Assignment: Among the entries that follow, the required portion opens with the line containing "jelent. A fürdőszoba" and closes with the line containing "OSIR Design add-on". Give that portion again exactly, and nothing else.

Dataset content:
▬▬▬
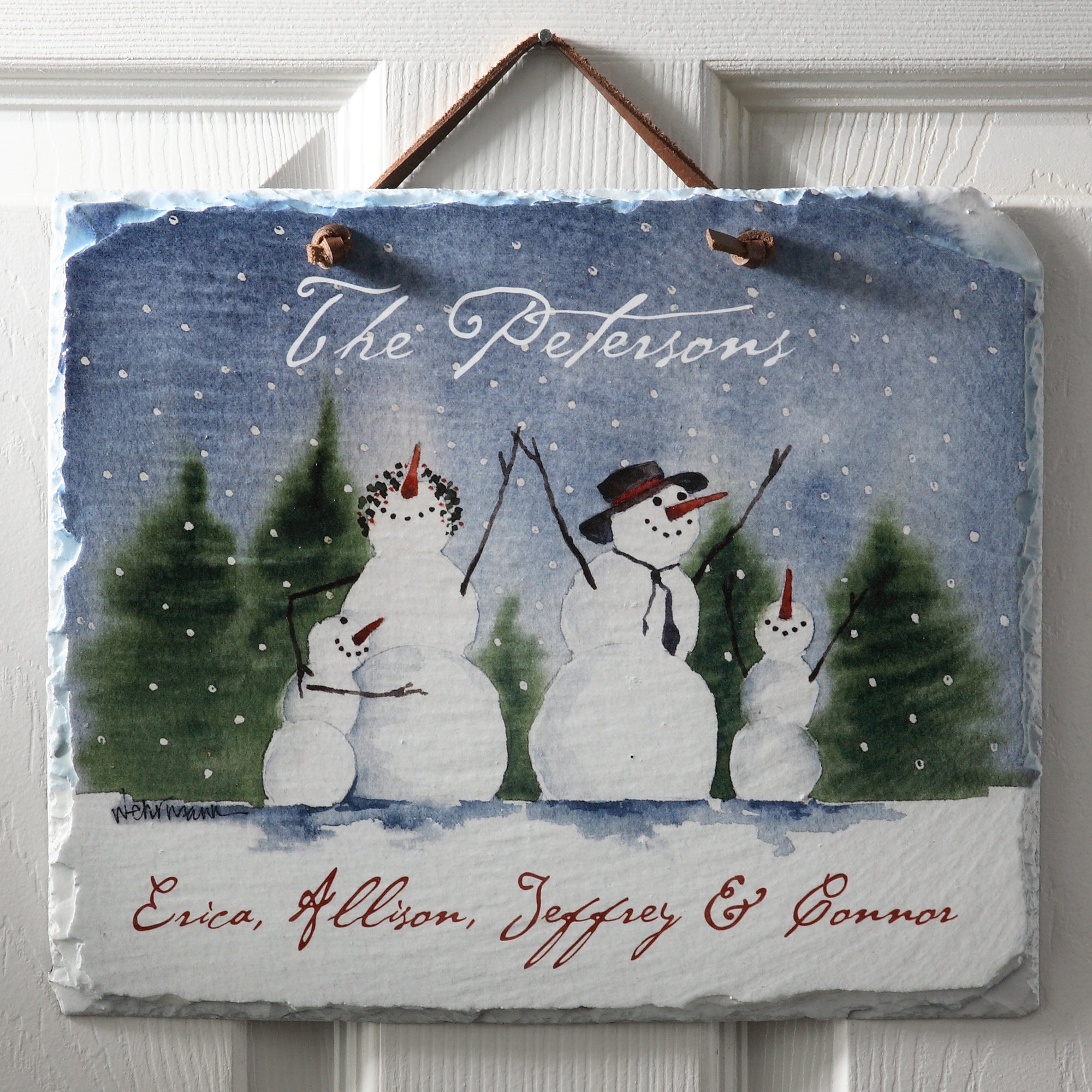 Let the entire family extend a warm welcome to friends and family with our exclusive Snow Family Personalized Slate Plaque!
▬▬▬
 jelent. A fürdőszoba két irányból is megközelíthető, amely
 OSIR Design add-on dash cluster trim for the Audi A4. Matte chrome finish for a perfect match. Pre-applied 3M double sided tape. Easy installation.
▬▬▬
Reply:
 jelent. A fürdőszoba két irányból is megközelíthető, amely
 OSIR Design add-on dash cluster trim for the Audi A4. Matte chrome finish for a perfect match. Pre-applied 3M double sided tape. Easy installation.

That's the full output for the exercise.